▸ TRY IT:
In the entries that follow, repeat exactly the lines from the one that has "Pullover mit halbem" through the one that has "Первым делом дизайнер", but omit pictures.

▸ MATERIAL SUPPLIED:
>>
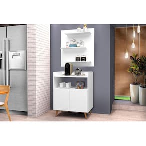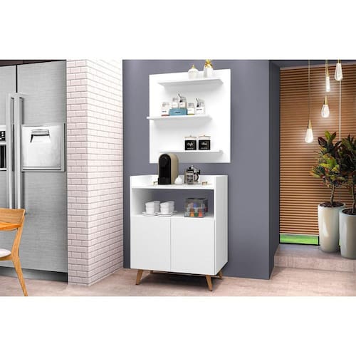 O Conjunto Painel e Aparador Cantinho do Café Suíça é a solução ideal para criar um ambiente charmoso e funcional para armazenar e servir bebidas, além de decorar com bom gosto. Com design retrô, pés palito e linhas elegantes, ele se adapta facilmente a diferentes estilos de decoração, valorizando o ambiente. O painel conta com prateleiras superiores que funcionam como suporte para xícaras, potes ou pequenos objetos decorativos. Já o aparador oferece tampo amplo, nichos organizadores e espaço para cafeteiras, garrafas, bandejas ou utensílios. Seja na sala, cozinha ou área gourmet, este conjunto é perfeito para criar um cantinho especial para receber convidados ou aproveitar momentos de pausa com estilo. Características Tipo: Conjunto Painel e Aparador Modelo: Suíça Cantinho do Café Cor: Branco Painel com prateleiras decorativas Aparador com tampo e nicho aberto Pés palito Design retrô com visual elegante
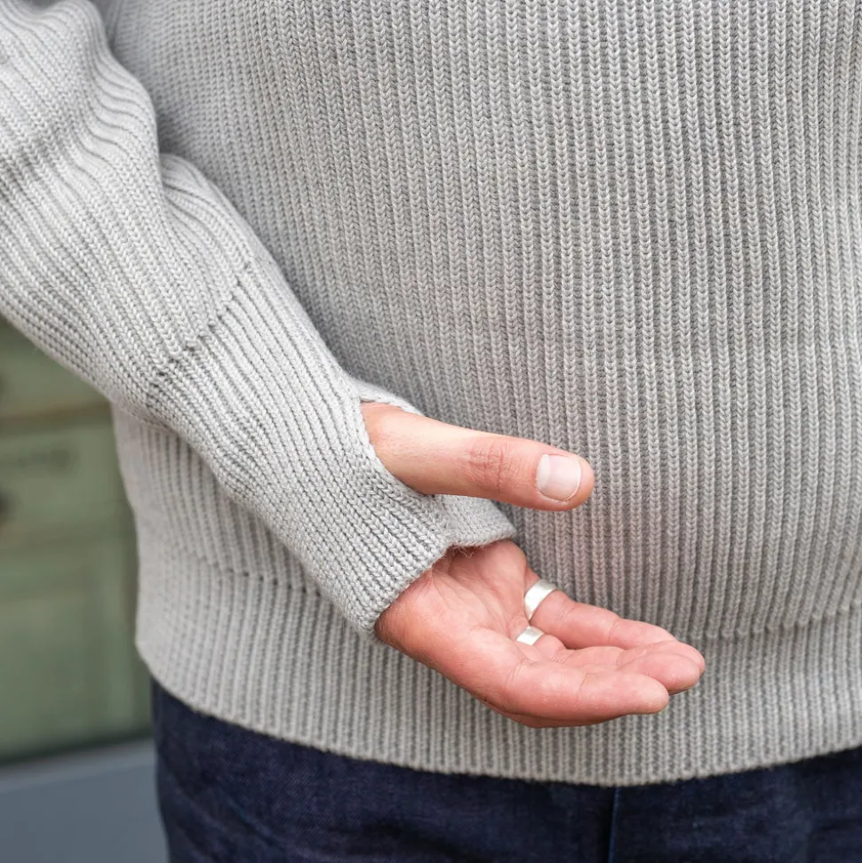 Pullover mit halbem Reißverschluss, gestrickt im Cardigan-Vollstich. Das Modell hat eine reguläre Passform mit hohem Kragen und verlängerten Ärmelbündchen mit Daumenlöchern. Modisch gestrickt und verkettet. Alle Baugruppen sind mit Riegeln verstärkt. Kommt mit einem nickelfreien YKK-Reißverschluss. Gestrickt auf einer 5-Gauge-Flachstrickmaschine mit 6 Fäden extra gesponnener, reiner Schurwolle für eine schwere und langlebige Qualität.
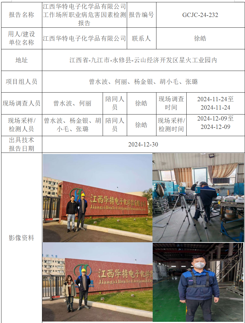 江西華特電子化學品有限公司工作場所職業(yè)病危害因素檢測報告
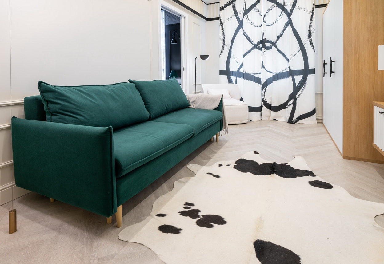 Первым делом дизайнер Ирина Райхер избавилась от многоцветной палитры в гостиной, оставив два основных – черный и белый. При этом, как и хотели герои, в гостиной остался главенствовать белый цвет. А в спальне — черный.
<<
>>
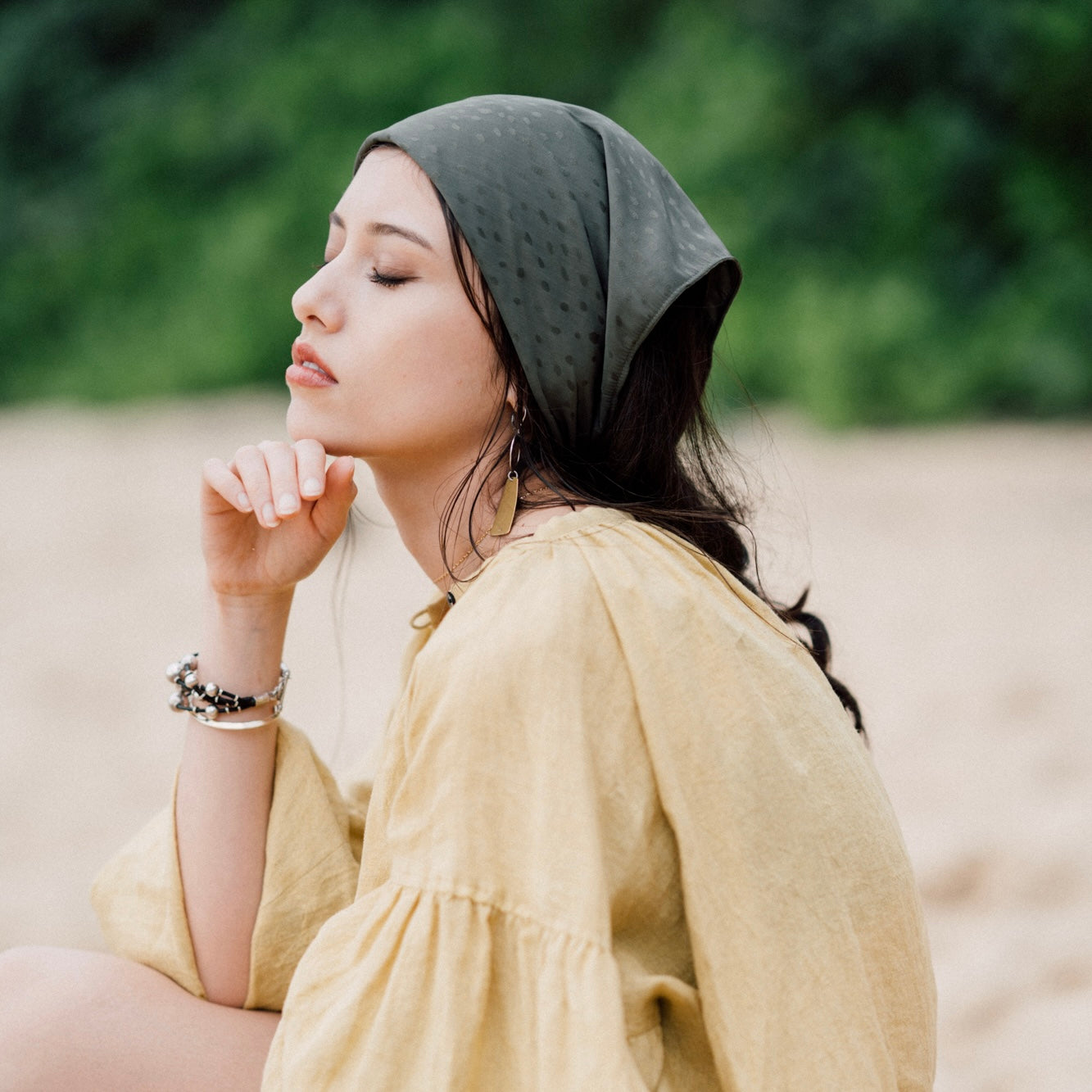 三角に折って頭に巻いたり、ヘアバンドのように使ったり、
<<
▸ WRITTEN SOLUTION:
 Pullover mit halbem Reißverschluss, gestrickt im Cardigan-Vollstich. Das Modell hat eine reguläre Passform mit hohem Kragen und verlängerten Ärmelbündchen mit Daumenlöchern. Modisch gestrickt und verkettet. Alle Baugruppen sind mit Riegeln verstärkt. Kommt mit einem nickelfreien YKK-Reißverschluss. Gestrickt auf einer 5-Gauge-Flachstrickmaschine mit 6 Fäden extra gesponnener, reiner Schurwolle für eine schwere und langlebige Qualität.
 江西華特電子化學品有限公司工作場所職業(yè)病危害因素檢測報告
 Первым делом дизайнер Ирина Райхер избавилась от многоцветной палитры в гостиной, оставив два основных – черный и белый. При этом, как и хотели герои, в гостиной остался главенствовать белый цвет. А в спальне — черный.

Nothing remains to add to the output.